### Task objective
After locating the line that contains "Auf Holz gearbeitet", transcribe exactly that line and each one after it until the data ends, skipping pictures.

### Exercise materials
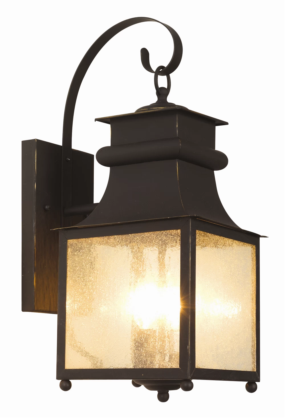 Garden Chimney Outdoor Wall Light features Seeded glass with a Weathered Bronze finish. Available in small, medium, and large sizes. Wet location rated. Small: One 100 watt, 120 volt A19 type Medium base incandescent bulb is required, but not included. 6 inch width x 14 inch height x 8 inch depth. Medium and Large: 60 watt, 120 volt B10 type Candelabra base incandescent bulbs are required, but not included. Medium: 8 inch width x 18 inch height x 10.5 inch depth. Large: 10 inch width x 24.5 inch height x 13.5 inch depth.
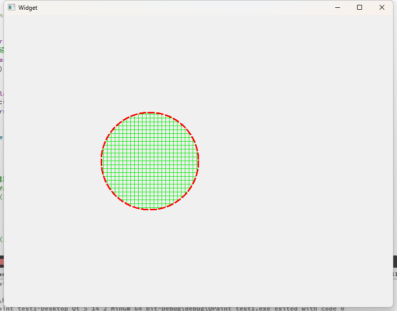 {(void)event;QPainter painter(this);//this:绘制的设备QPen pen;pen.setColor(QColor(255,0,0));//设置红色的线条pen.setWidth(3);//设置线条的粗细pen.setStyle(Qt::DashLine);//设置线条的样式painter.setPen(pen);QBrush brush;brush.setColor(QColor(0,234,0));brush.setStyle(Qt::CrossPattern);//设置填充样式painter.setBrush(brush);//画个圆形painter.drawEllipse(200,200,200,200);}
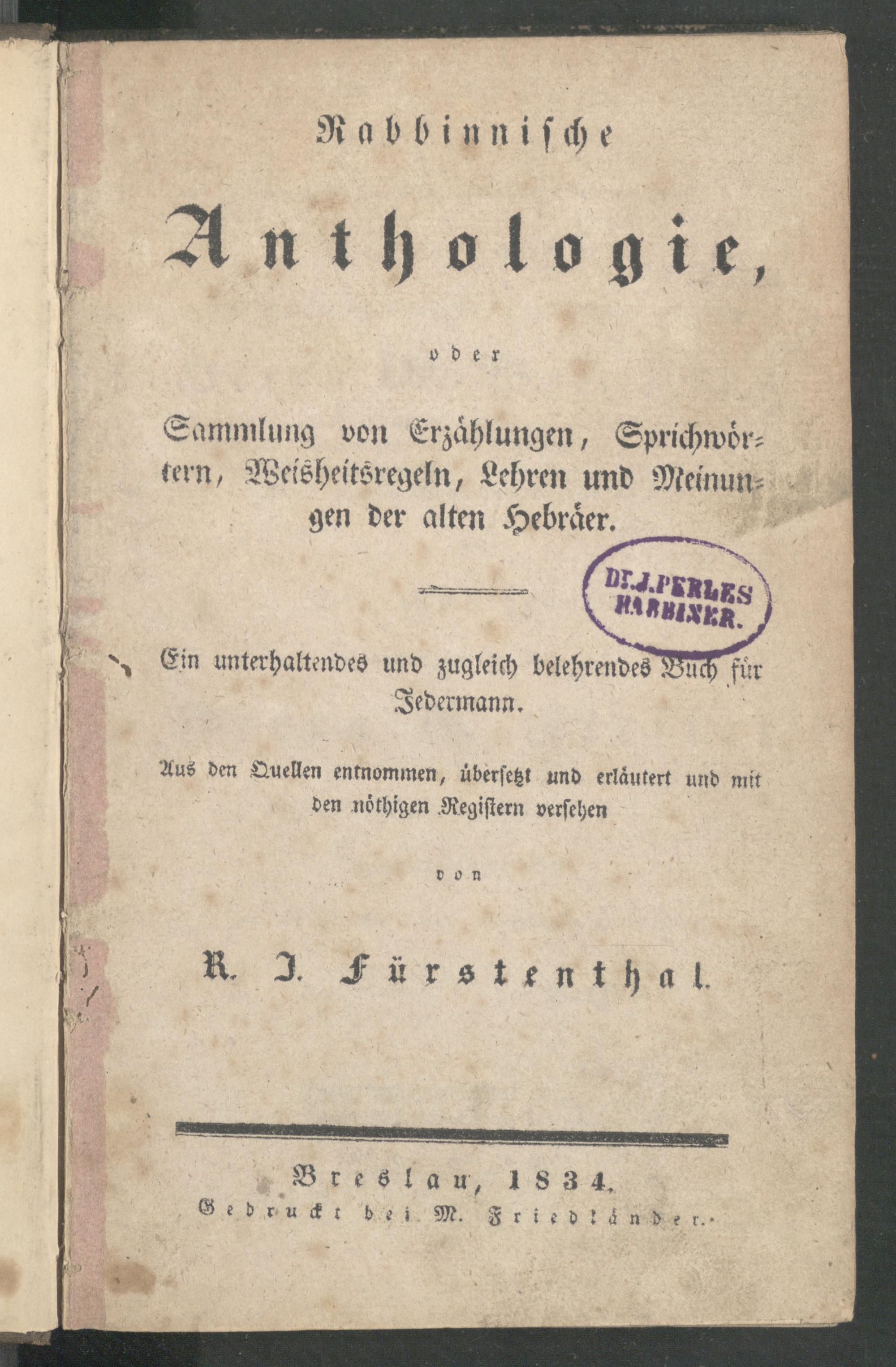 Rabbinnische [!] Anthologie, oder Sammlung von Erzählungen, Sprichwörtern, Weisheitsregeln, Lehren und Meinungen der alten Hebräer ; Ein unterhaltendes und zugleich belehrendes Buch für Jedermann / Aus den Quellen entnommen, übersetzt und erläutert und mit den nöthigen Registern versehen von R[aphael] J[acob] Fürstenthal
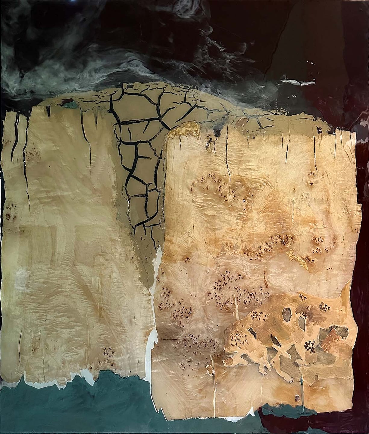 Auf Holz gearbeitet und mit Pigment, Acryl und Resin gestaltet, entfaltet die Komposition eine eindrucksvolle Tiefe. Im Vordergrund stehen zwei helle, fast reliefartige Flächen, die an bearbeitetes oder erodiertes Gestein erinnern. Natürliche Strukturen, Risse und feine Maserungen ziehen sich über die Oberfläche, wodurch ein lebendiges Spiel aus organischen Mustern entsteht.
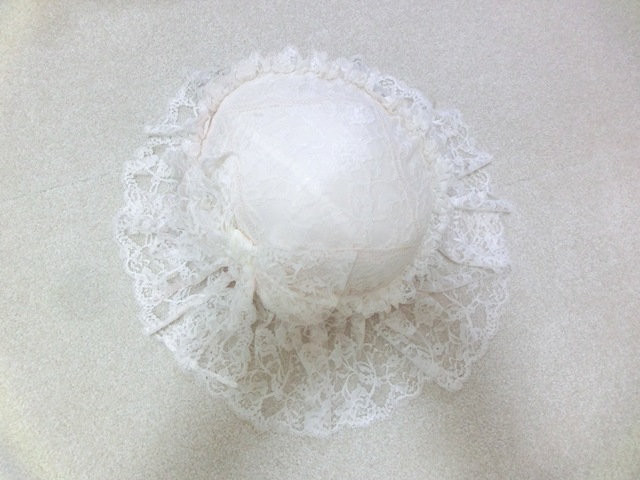 ふっくらと仕上げられた球状スタイルに、総レース重ね、波うつチュール―ス飾り、おそろいのリボンに美しい花ブローチつき。

### Solution to this task
 Auf Holz gearbeitet und mit Pigment, Acryl und Resin gestaltet, entfaltet die Komposition eine eindrucksvolle Tiefe. Im Vordergrund stehen zwei helle, fast reliefartige Flächen, die an bearbeitetes oder erodiertes Gestein erinnern. Natürliche Strukturen, Risse und feine Maserungen ziehen sich über die Oberfläche, wodurch ein lebendiges Spiel aus organischen Mustern entsteht.
 ふっくらと仕上げられた球状スタイルに、総レース重ね、波うつチュール―ス飾り、おそろいのリボンに美しい花ブローチつき。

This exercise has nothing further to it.